** Input data follows **

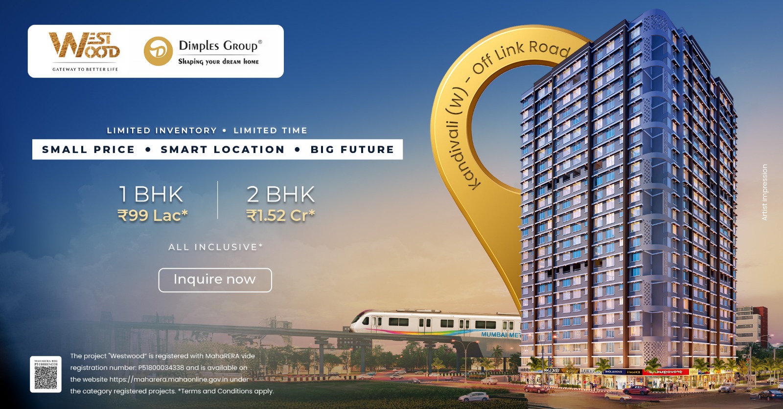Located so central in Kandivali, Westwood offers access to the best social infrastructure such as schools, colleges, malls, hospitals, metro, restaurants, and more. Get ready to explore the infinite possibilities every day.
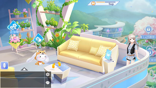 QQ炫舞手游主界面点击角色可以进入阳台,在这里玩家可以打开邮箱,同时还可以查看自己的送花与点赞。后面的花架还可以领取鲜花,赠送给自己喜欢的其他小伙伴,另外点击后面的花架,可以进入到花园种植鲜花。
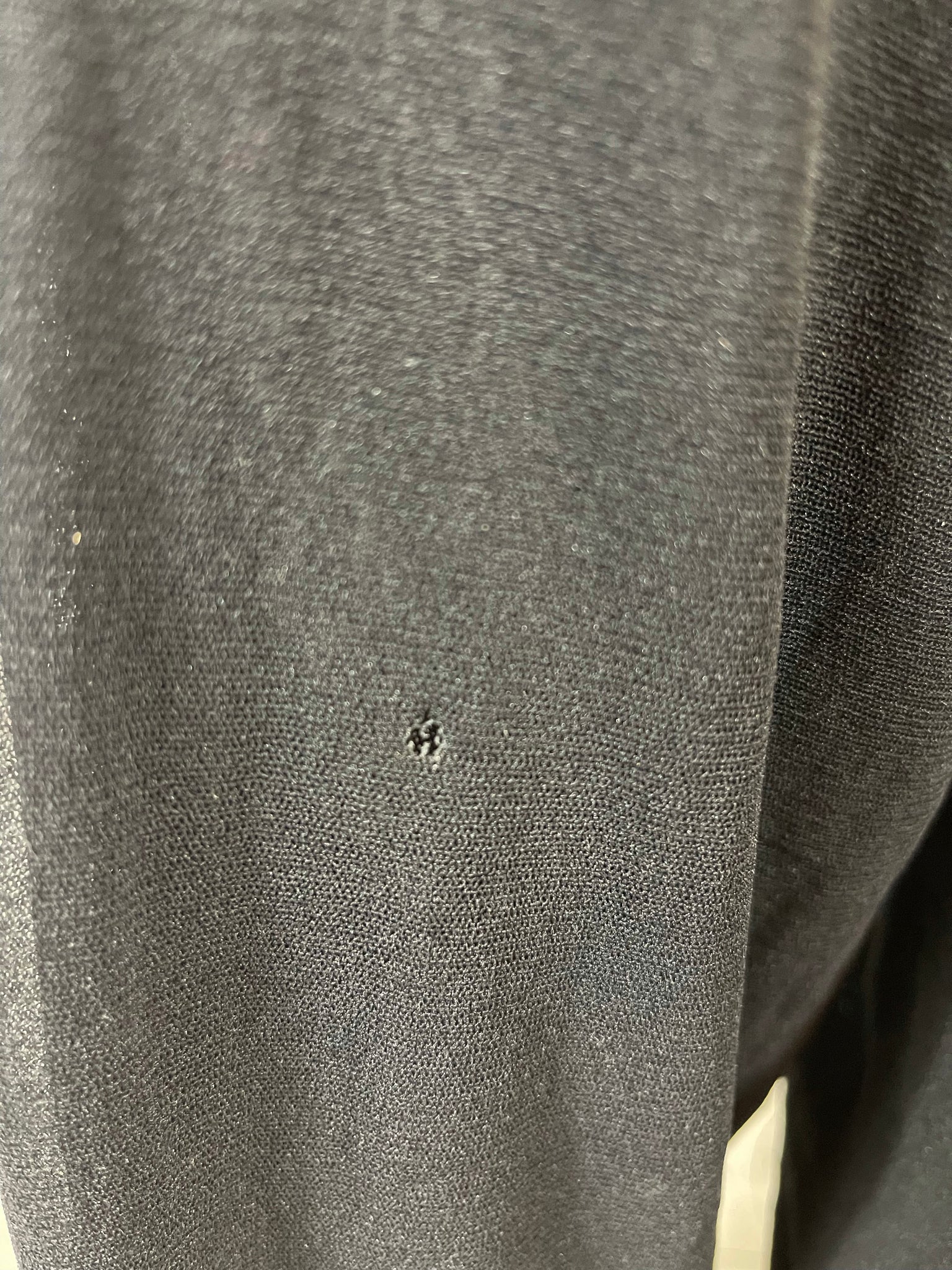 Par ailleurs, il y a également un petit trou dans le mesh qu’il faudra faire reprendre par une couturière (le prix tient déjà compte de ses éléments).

** End of Input data **
** Input data follows **

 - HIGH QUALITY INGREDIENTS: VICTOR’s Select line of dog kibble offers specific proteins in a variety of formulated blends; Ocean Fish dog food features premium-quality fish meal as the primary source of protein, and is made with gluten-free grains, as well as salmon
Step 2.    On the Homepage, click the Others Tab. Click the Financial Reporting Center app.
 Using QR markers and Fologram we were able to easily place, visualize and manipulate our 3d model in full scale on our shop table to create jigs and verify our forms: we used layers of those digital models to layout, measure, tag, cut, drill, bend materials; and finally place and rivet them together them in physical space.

** End of Input data **

> Problem:
Please copy, exactly and with nothing else, the lines above beginning at the line that has "- HIGH QUALITY" and ending with the line that has "Step 2.    On the".

> Output below:
 - HIGH QUALITY INGREDIENTS: VICTOR’s Select line of dog kibble offers specific proteins in a variety of formulated blends; Ocean Fish dog food features premium-quality fish meal as the primary source of protein, and is made with gluten-free grains, as well as salmon
Step 2.    On the Homepage, click the Others Tab. Click the Financial Reporting Center app.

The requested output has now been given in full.